Since the Supreme Court overturned Roe v. Wade, a few key cases of abortion after rape have become flashpoints. A 10-year-old from Ohio who received an abortion after rape was the center of a political firestorm in Indiana soon after the Dobbs decision. And Hadley Duvall, who was raped by her stepfather and became pregnant when she was 12, appeared in a campaign ad for Democratic Kentucky Gov. Andy Beshear. That ad has been credited with helping Beshear win reelection.

Polling consistently shows that most Americans think that someone who is raped and becomes pregnant should have legal access to an abortion. Duvall is now working with Kentucky lawmakers to add a rape exception to that state's abortion ban.

Yet rape exceptions for abortion laws have fallen out of favor among anti-abortion rights groups, and the majority of states with abortion bans do not include such an exception. Students for Life, an anti-abortion rights group that strongly opposes rape exceptions did not immediately return NPR's request for comment for this story. In a blog post, the group explains, "SFLA opposes rape and incest exceptions because we understand that a child is no less worthy of life based upon how they were conceived."

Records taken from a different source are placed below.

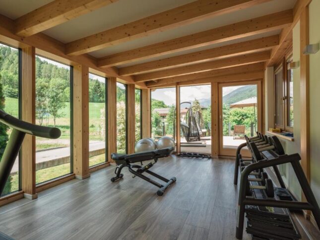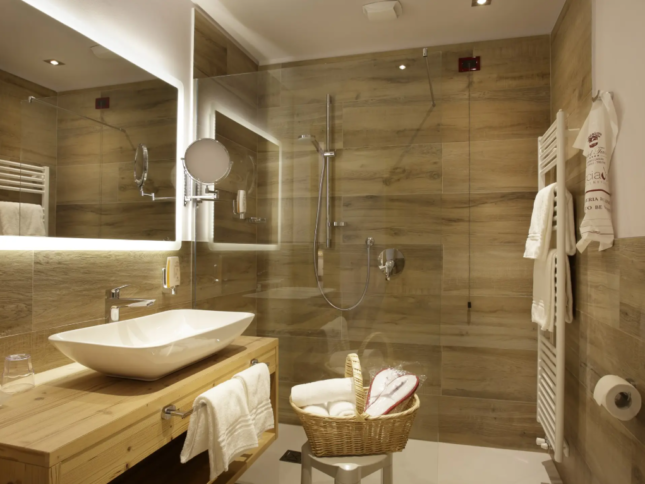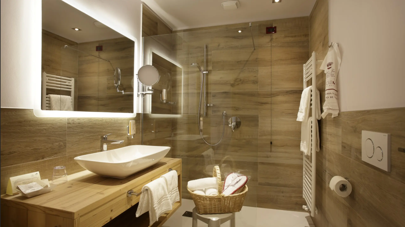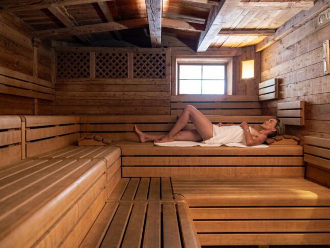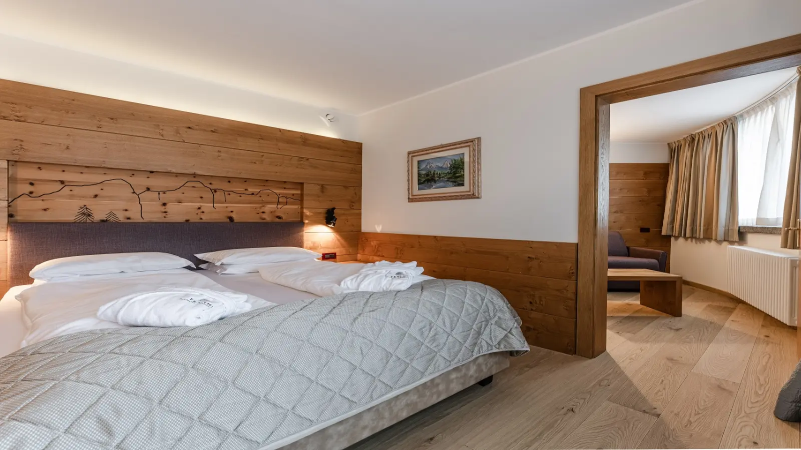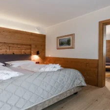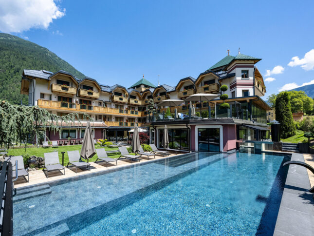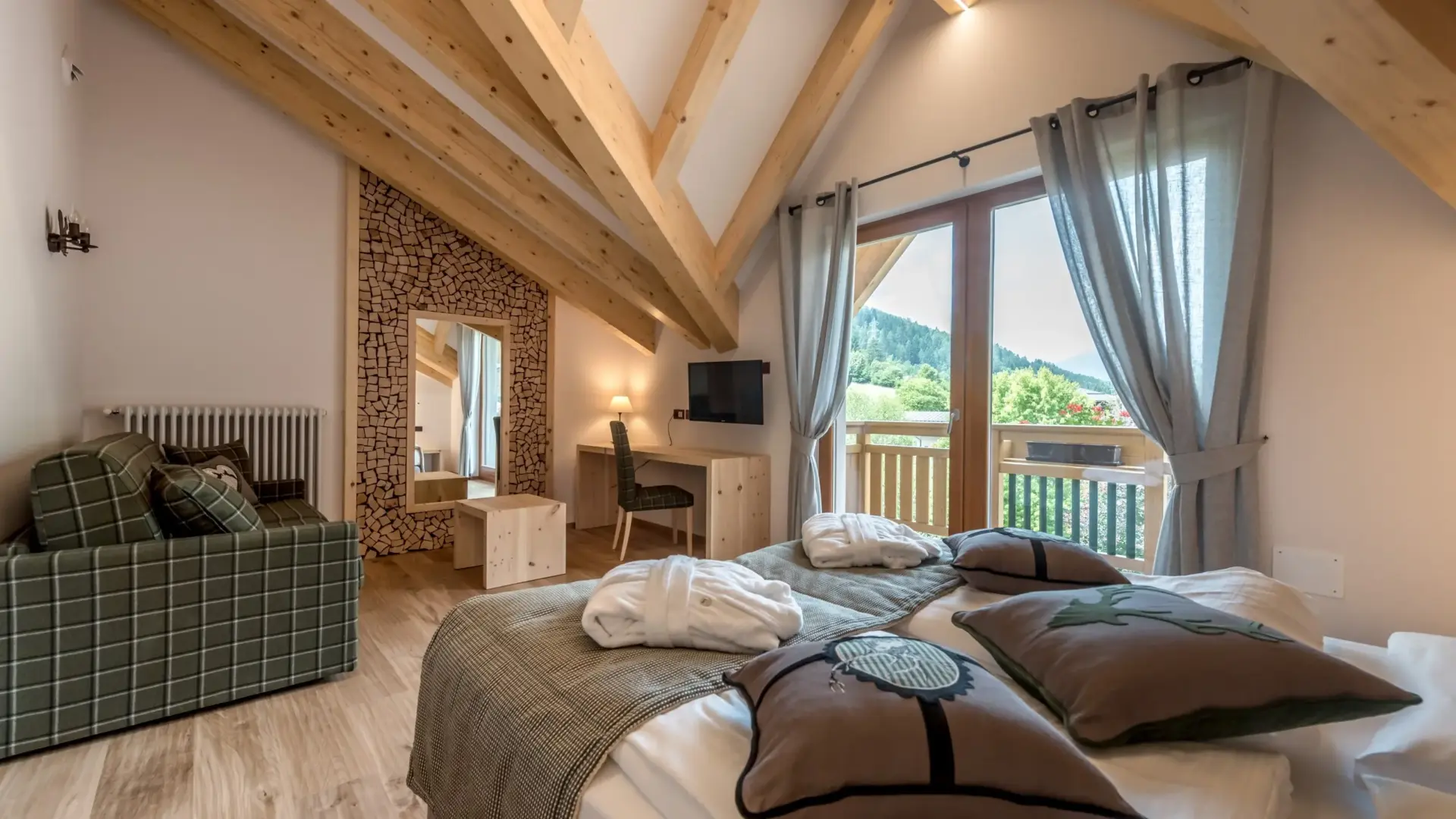 Stylowe pokoje i apartamenty w stylu tyrolskim lub nowoczesnym, z łazienką, TV‑SAT, telefonem, sejfem, minibarem, Wi‑Fi; większość z balkonemStrefa Wellness ok. 1000 m²
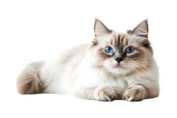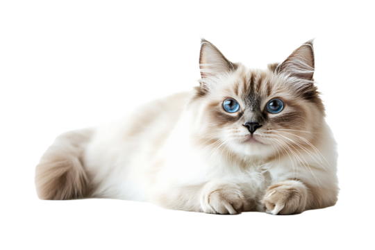 Fluffy Ragdoll cat looking at the camera isolated on transparent background.
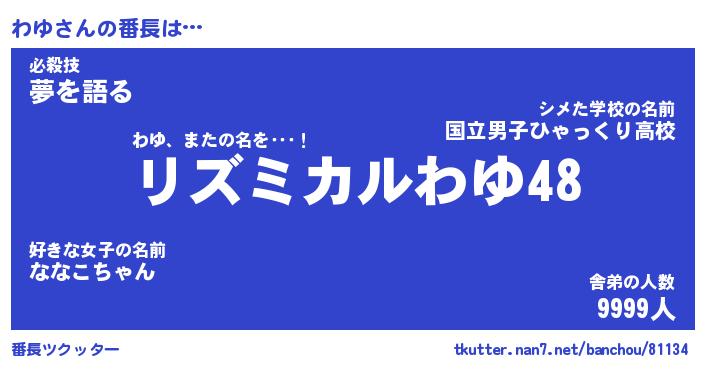 | ヘコむあだ名 | 『わゆっふぃ~』『つくし』『わゆお』 |
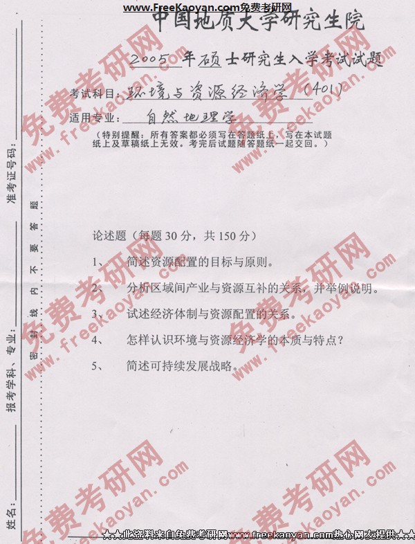 相关话题/半岛在线注册真题 中国地质大学 环境 经济学 资源
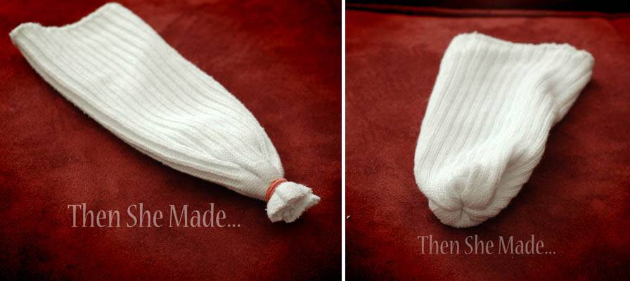 - Снова положите наполнитель и скрутите его резинкой, оставив небольшой хвостик. Это голова снеговика из носка.
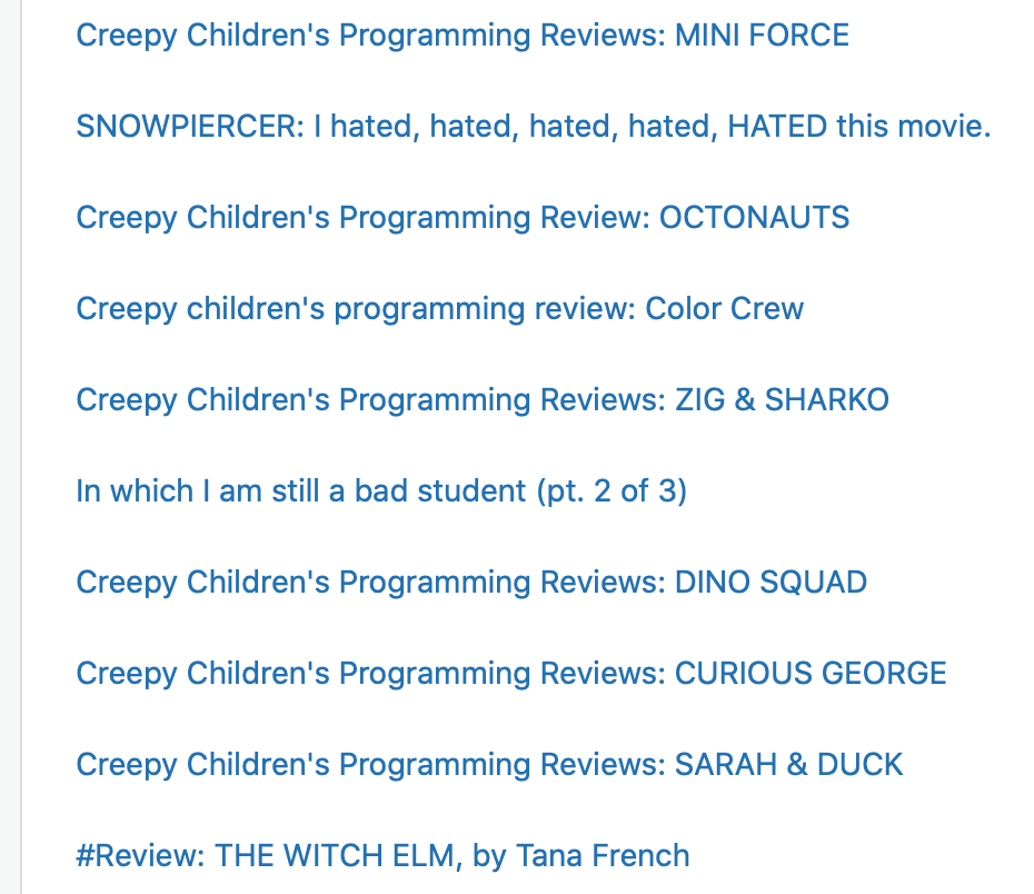 The Snowpiercer post just refuses to die, although it did have one (1) day this year where it got zero hits, which very well might be the first time that has ever happened. Supposedly the TV show is launching soon, so this will never, ever end. I feel bad about the weird popularity of that Tana French post, too; it’s literally the only thing she ever wrote that I didn’t like and I reviewed a bunch of her other books, so it sort of feels unfair to me. I love you, Tana! I swear!

In a practical sense, abortions after rape would also be difficult to obtain in states that have abortion bans if all clinics providing abortions have closed, which is the case in multiple states.

Samantha Hansen in Utah says she's glad researchers worked to quantify the number of pregnancies from rape in states where abortion is banned.

She says the 65,000 estimate may surprise some people. "I'm not surprised," Hansen says. "If anything, I'm over here going — it's probably higher."